The noodle bowl effect describes the proliferation of overlapping free trade agreements (FTAs) in the Asia-Pacific region, each with its own rules of origin, tariff schedules, phase-in timelines, and dispute mechanisms. The term was popularized by economist Masahiro Kawai and Ganeshan Wignaraja in work published through the Asian Development Bank Institute in the late 2000s, as an Asian counterpart to Jagdish Bhagwati's earlier "spaghetti bowl" metaphor (coined in 1995) describing similar tangles among Western preferential agreements.
The core problem is administrative and economic. When a single exporter—say a Thai auto-parts manufacturer—can ship under ASEAN, ASEAN-China, ASEAN-Japan, ASEAN-Korea, ASEAN-India, ASEAN-Australia-New Zealand, or various bilateral FTAs, each agreement may define "originating goods" differently. Firms must choose which preference to claim, document compliance, and absorb legal costs. Studies by ADB and ERIA have repeatedly found that FTA utilization rates in Asia remain low, particularly among small and medium enterprises, partly because of this complexity.
The noodle bowl is often cited as a rationale for consolidating agreements into broader regional frameworks. The Regional Comprehensive Economic Partnership (RCEP), signed in November 2020 and entered into force on 1 January 2022, was explicitly designed in part to harmonize rules of origin across its 15 member economies. The earlier Comprehensive and Progressive Agreement for Trans-Pacific Partnership (CPTPP), in force from December 2018, pursued a similar consolidation logic among its 11 original signatories.
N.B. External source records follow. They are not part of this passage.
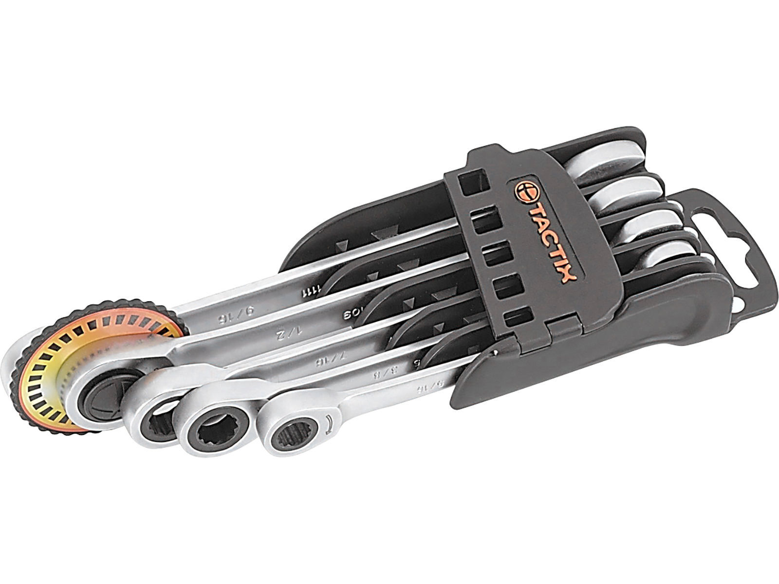 Krom vanadium utførelse. Leveres i praktisk foldbar holder med belteklips. Settet inneholder nøkler i følgende dimensjoner: 5/16, 3/8, 7/16, 1/2 og 9/16 tommer.  72 tenner.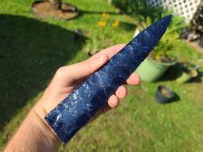 A nice flaked blue glass blade my niece made from antique Carrera glass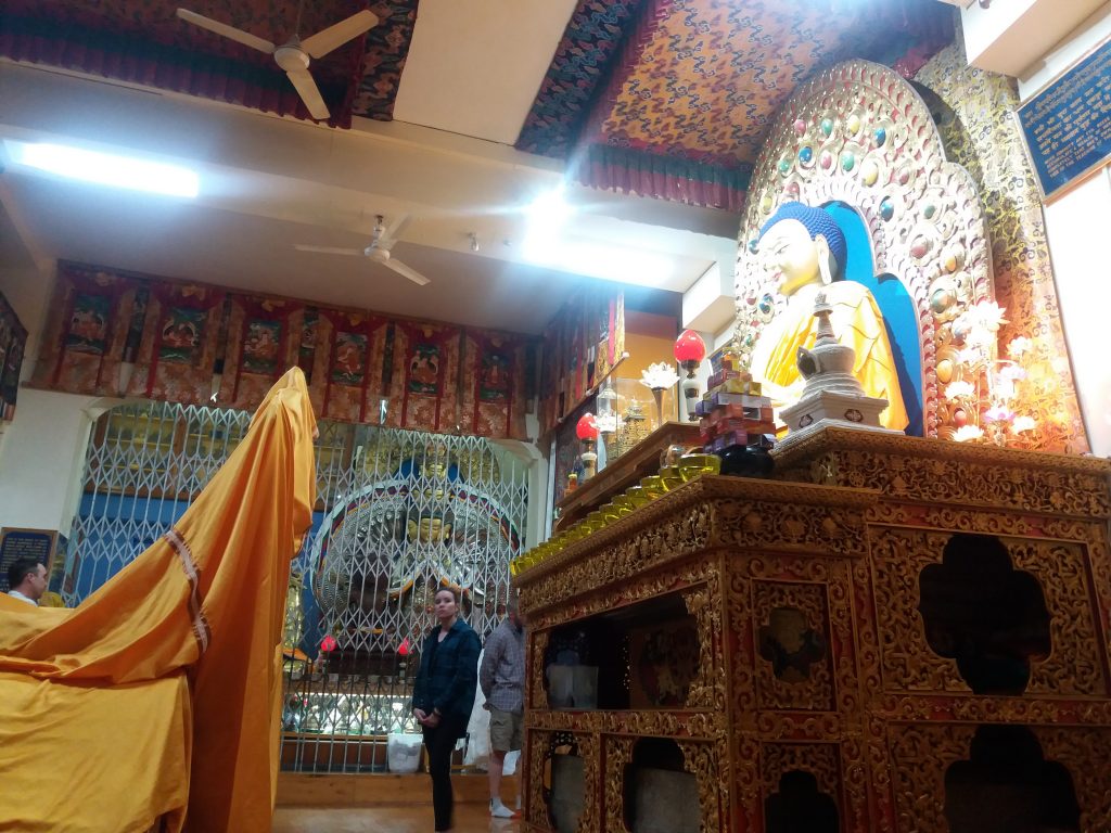Qui abbiamo assistito, nel pomeriggio, a fortissime cerimonie di tantrismo tibetano. Nella sala centrale c’è un bellissimo Buddha dorato dal sorriso compassionevole, protagonista anche di numerose fotografie da parte in turisti indiani. Ah, la tecnologia! Ma anche questo fa parte del gioco cosmico.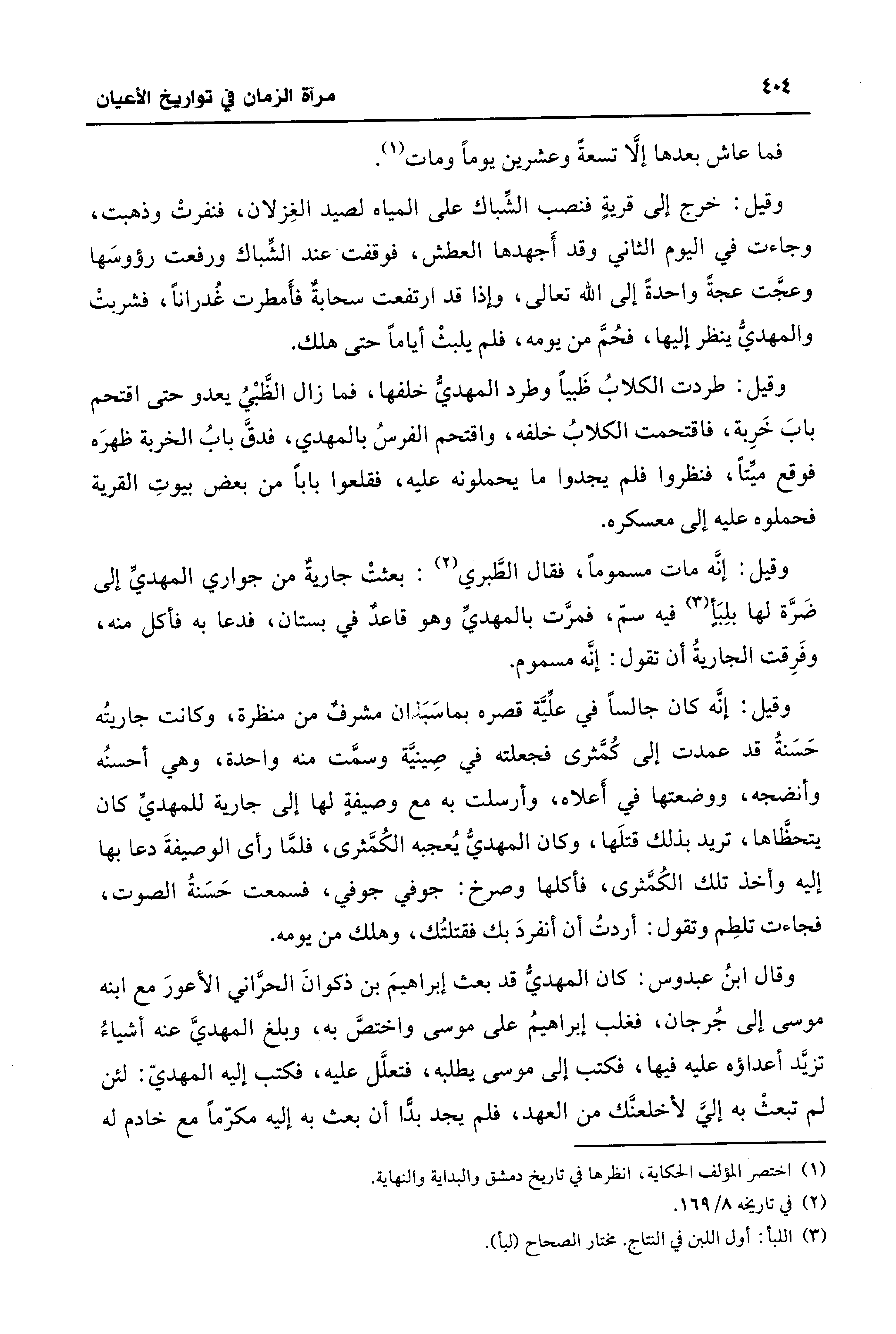 وقيل: إنَّه مات مسمومًا، فقال الطَّبري (¬2): بعثتْ جاريةٌ من جواري المهديِّ إلى ضَرَّة لها بلِبَأٍ (¬3) فيه سمّ، فمرَّت بالمهديِّ وهو قاعدٌ في بستان، فدعا به فأكل منه، وفَرِقت الجاريةُ أن تقول: إنَّه مسموم.

For MUN delegates and trade researchers, the noodle bowl is a useful diagnostic concept in debates on:
- WTO most-favoured-nation erosion and Article XXIV GATT exceptions
- Development gaps in FTA utilization between large firms and SMEs
- Arguments for "multilateralizing regionalism"
- Supply-chain resilience and rules-of-origin reform
The metaphor remains contested: some economists argue overlapping FTAs still expand trade on net, even if inefficiently.
Example
In a 2010 ADBI working paper, Kawai and Wignaraja argued that East Asia's "noodle bowl" of more than a dozen overlapping FTAs was raising transaction costs for exporters and justified pursuing a region-wide agreement.
Frequently asked questions
Both describe overlapping trade agreements, but 'spaghetti bowl' (Bhagwati, 1995) referred mainly to Western and global preferential deals, while 'noodle bowl' applies the same critique specifically to the dense web of Asian FTAs that emerged in the 2000s.